TASK DETAILS: An exact repeat is needed of the lines from the one with "Navigate to the" through the last line of the data below. Please omit the pictures.

DATASET EXTRACT:

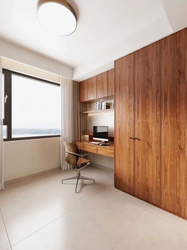 开放式与封闭式储物结合,满足收纳与展示需求。材质选用突出自然质感,与留白墙面共同营造出宁静致远的学习氛围。
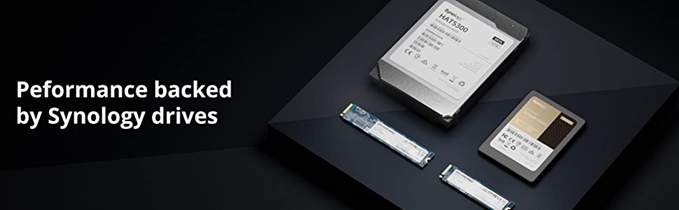 • Compatible Drive Type - 3.5 inch SATA HDD, 2.5 inch SATA HDD (with optional 2.5 inch Disk Holder), 2.5 inch SATA SSD (with optional 2.5 inch Disk Holder). "Compatible drive type" indicates drives that have been tested to be compatible with Synology products. This term does not indicate the maximum connection speed of each drive bay
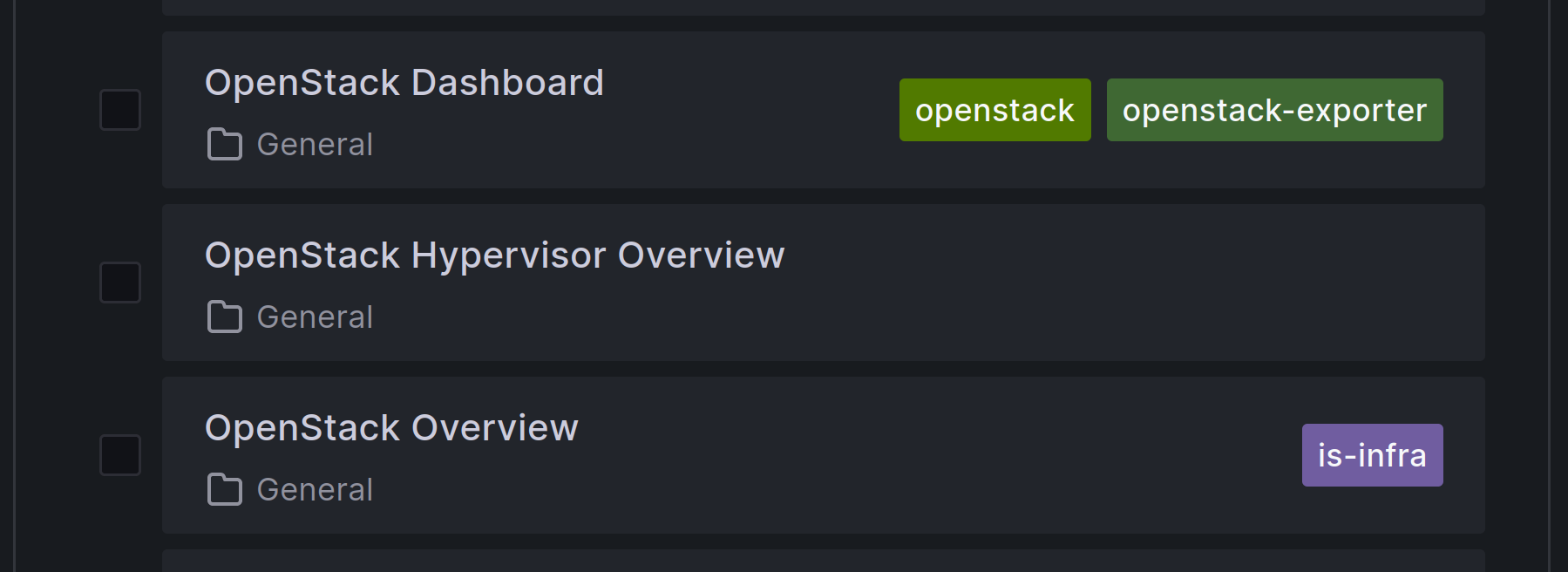 Navigate to the Grafana web ui and click the dashboards tab. Under the “General” folder, you should see the three dashboards:
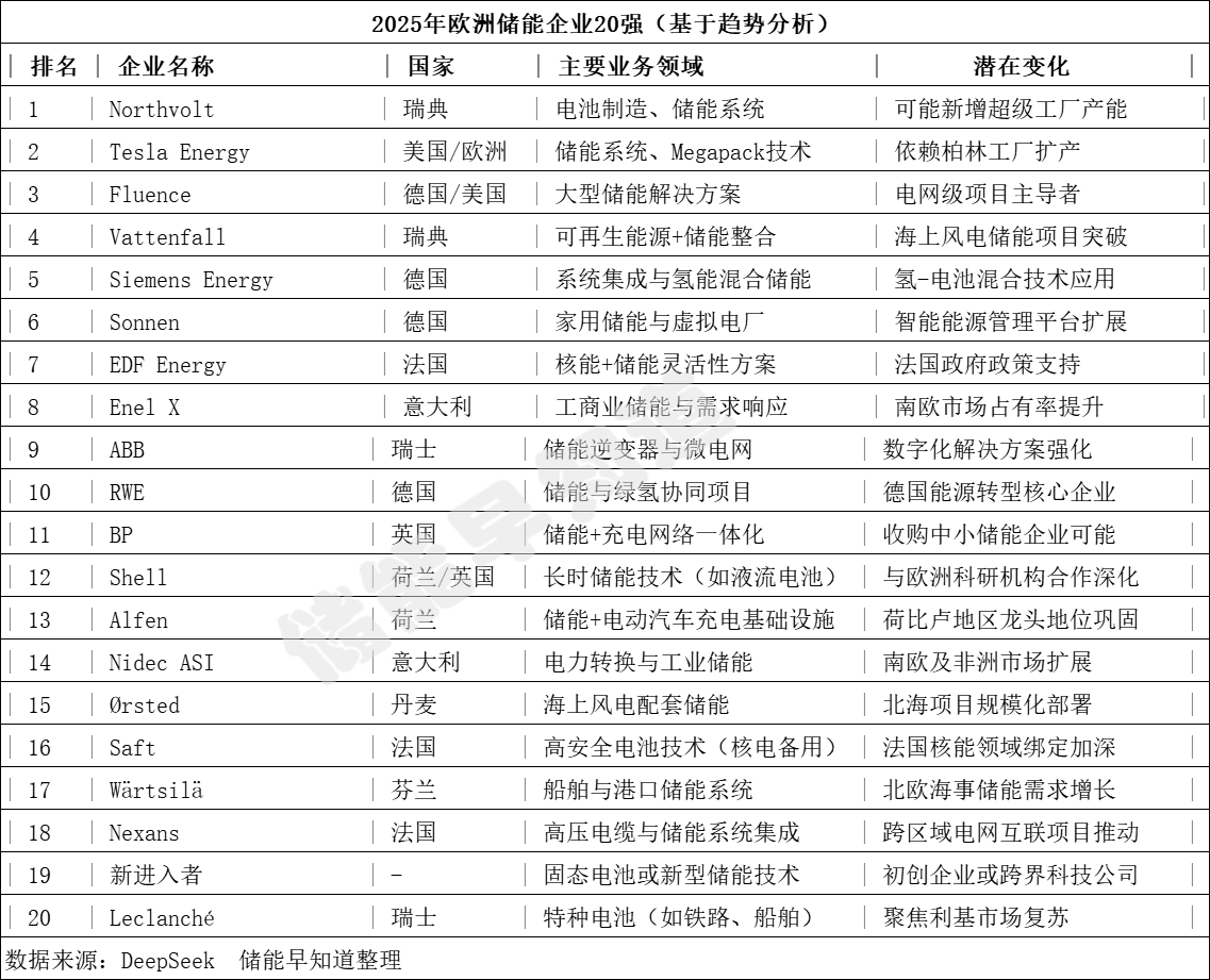 以下数据更新日期(2024年7月),基于行业发展趋势、企业动态和政策方向,DeepSeek可以推测2025年欧洲储能领域可能的领先企业及其业务方向。以下是“假设性分析”,仅供参考:

ANSWER TO THIS TASK:
 Navigate to the Grafana web ui and click the dashboards tab. Under the “General” folder, you should see the three dashboards:
 以下数据更新日期(2024年7月),基于行业发展趋势、企业动态和政策方向,DeepSeek可以推测2025年欧洲储能领域可能的领先企业及其业务方向。以下是“假设性分析”,仅供参考:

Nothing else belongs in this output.